たぶん、『友達』ではほんのちょっぴり不満だったのだろう。でもすぐに、思い直したようだった。友達から、少しずつ距離を縮めていけばいいのだと。
そして私も、あることに気づいた。そっか、ひとまず全員友達なんだって、そう宣言するという手があったんだ。
それなら私の気持ち的にも間違ってないし、ラブ方向にむやみに話が進んでしまうのを防げる……たぶん防げるし。
この世界とここに暮らす人たちに正面から向き合うことにしたけれど、それでも継承の儀式が終わるまで、というか儀式をぶっ潰して生還するまでは、他のもめ事に巻き込まれたくないし。
いいことを思いついたなと上向いた気分で、ひとまず準備に取り掛かることにする。
「……といっても、もう夕食の準備が始まってるし……隅のほうを借りましょう」
料理人たちに交渉して、端っこのかまどを一つ借りる。材料は好きに使っていいとのことだったので、二人で一緒に隣の食糧庫をのぞきにいった。
「これだけあるなら、あれが作れるわ……」
「あれ、とは何でしょうか」
「ふふ、できてからのお楽しみです……」
くすりと笑って、二人で必要なものを運び出す。二人分のおやつだし、材料もほんのちょっぴり。
小麦粉を水で溶いて、果物を切って洗って、生クリームを泡立てたら準備は完了。
「刃物なんて、初めて扱いました……」
オルフェオは感動している。しかし彼、初めてにしては妙に包丁さばきがうまかった。色々教えてみたら面白いかもしれない。
「見事な包丁さばきでした。それじゃあ、最後の仕上げ……」
言いながら水溶き小麦粉の生地をフライパンに薄く流し込み、焼けたら皿に取る。要するにクレープだ。二人分だし、四枚もあればいいかな。
そう思いつつ一枚焼き上げたところで、オルフェオが興味津々といった様子で私の手元を見ていた。やってみたそうな顔をしている。
「オルフェオ様も、やってみます……?」
「いいんですか?」
「ええ。失敗しても、飾りつけでどうにでもなりますから」
今作っているのはクレープだし、派手に破れたとしても皿に盛りつけてデコレーションしまくればいい。
そんな私の思いを感じ取ったのか、オルフェオが張り切った顔で生地の入ったボウルを手にする。そうして、お玉で少しずつ生地をフライパンに。
「あ、破れてしまいました……」
「気にしない。巻いたら分からなくなりますから」
「……今度は分厚くなってしまいました」
「それはそれで食べ応えがあっていいんです」
「……次こそは……あっ、うまくいきました!」
「おめでとう……」
考えてみたらおかしな光景ではあった。仮にも王族が、隣国の伯爵令嬢と二人して、王宮の厨房で何やら作っているのだから。
「あとは、これで果物やクリームを包み込んで……」
できあがったクレープをナプキンに包んで、さっきまで持ち歩いていたバスケットにしまう。

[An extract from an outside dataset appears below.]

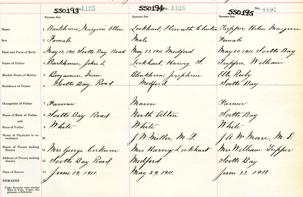 Female Birth Registration: Year: 1911 number: 55000193

それから今度はオルフェオの案内で、厨房を飛び出していった。料理人たちの妙に優しい視線に見送られながら。
そうして、王宮の庭の一角にあるあずまやに腰を落ちつけた。
オルフェオによれば、ここは季節の花が咲き乱れて美しい場所なのに、王の居室が近いせいかほとんど人がやってこないのだとか。オルフェオが一人でくつろぎたい時は、よくここに来るらしい。
白い花をたくさん咲かせた生垣があちこちに設けられていて、周囲からの視線をさえぎっている。うっとりとするような甘い香りに包まれたあずまやで、バスケットの中身を取り出す。
「ここに誰かと来たのは初めてなので、その……どきどきします」
頬を赤らめて少年のようなことを言っているオルフェオに笑いかけて、クレープを一つ渡す。
「その最初の一人になれて、光栄です……はい、どうぞ」
「あの、リンディさん。とてもおいしそうなのですが、皿もフォークもなしに、どうやって食するのでしょうか?」
「このまま、こうやってかじればいいんです……不慣れでしょうけど、面白いから」
そうしてさっそく、クレープをかじる。甘酸っぱいイチゴとふんわりした生クリームに、しっかりと優しい甘みのハチミツ。生地がちょっと厚めだから、さっきオルフェオが焼いたものかな。うん、おいしい。
せっせと食べている私をぽかんとした顔で見ていたオルフェオが、恐る恐る自分の分のクレープにかみついた。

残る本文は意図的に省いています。